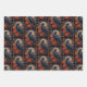 Patterned wrapping paper sheets with a black crow perched on a branch surrounded by red flowers. Cool gothic vibe.
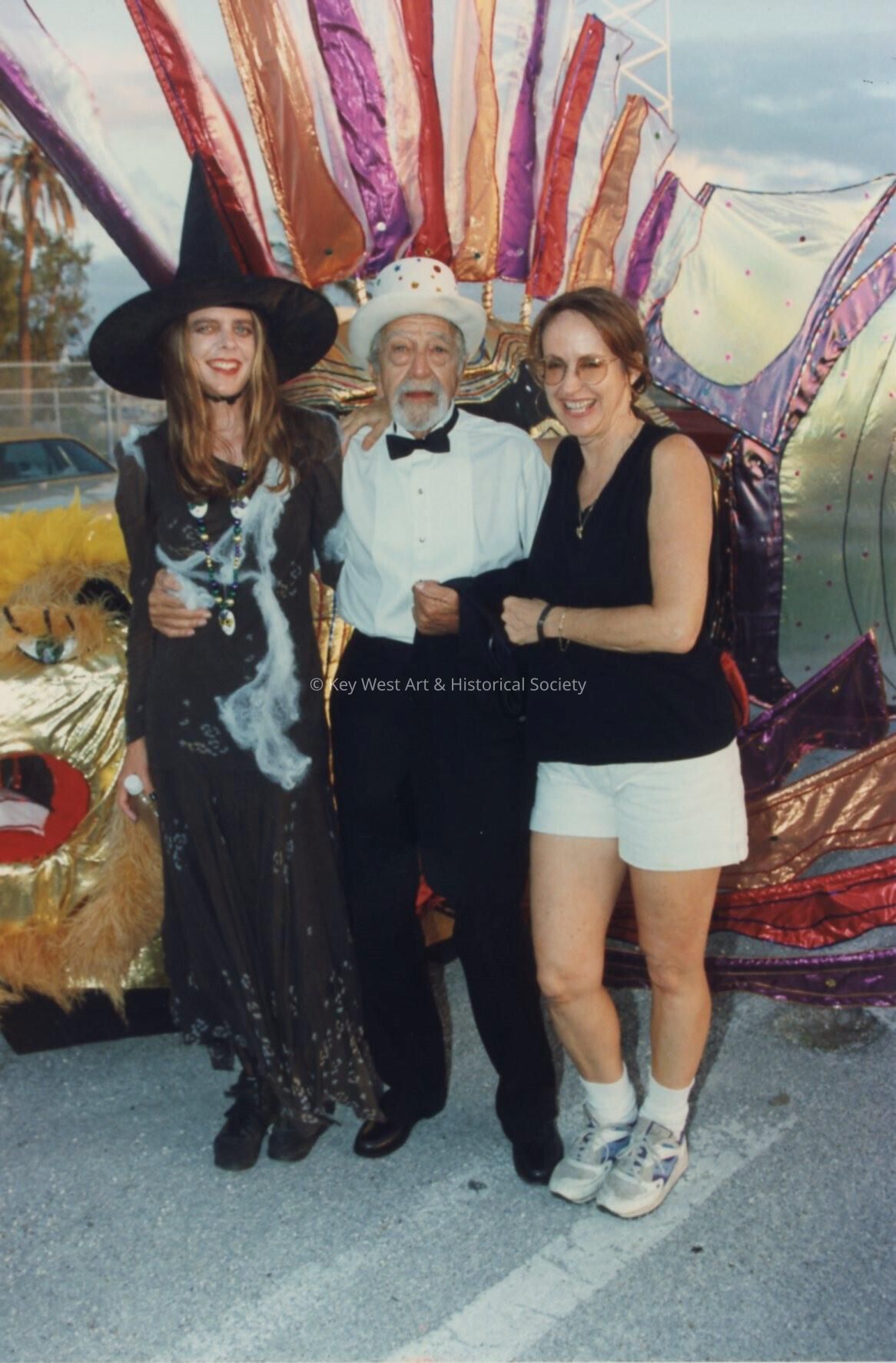 Capt. Tony and two unknown woman standing with a float.Collection
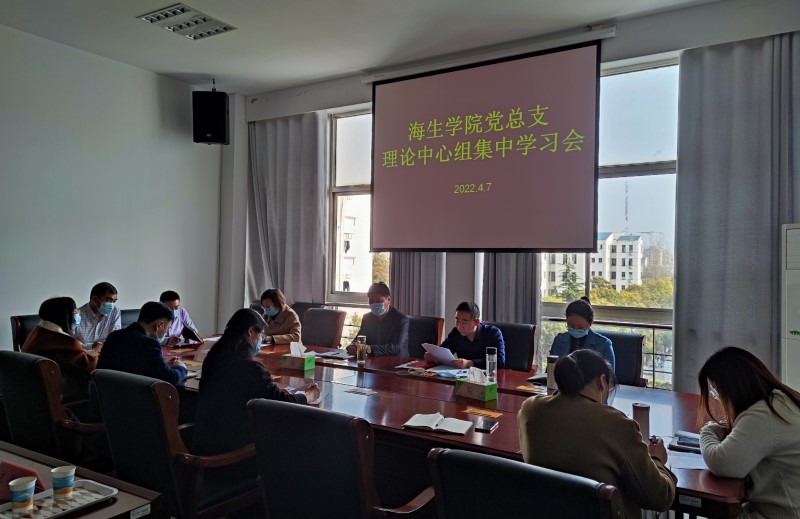 4月7日下午,海生学院在学院会议室召开党总支理论学习中心组集体学习研讨会,党总支书记高留才主持会议,校党委第三巡学旁听组组长张雷、成员束安娣到会指导,学院党总支理论学习中心组成员参加。
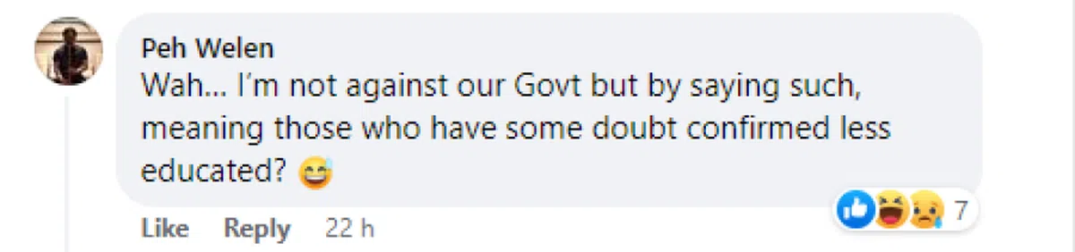 “哇...我不反对政府,但这样说的意思难道是还有疑虑的人,肯定受教育较少?”
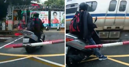柵欄放下仍硬闖平交道 女騎士「差2秒」晚7天回家!

== Requirement ==
Go through the listing and restate each line word for word, leaving out the pictures.

== Output of the task ==
 Patterned wrapping paper sheets with a black crow perched on a branch surrounded by red flowers. Cool gothic vibe.
 Capt. Tony and two unknown woman standing with a float.Collection
 4月7日下午,海生学院在学院会议室召开党总支理论学习中心组集体学习研讨会,党总支书记高留才主持会议,校党委第三巡学旁听组组长张雷、成员束安娣到会指导,学院党总支理论学习中心组成员参加。
 “哇...我不反对政府,但这样说的意思难道是还有疑虑的人,肯定受教育较少?”
柵欄放下仍硬闖平交道 女騎士「差2秒」晚7天回家!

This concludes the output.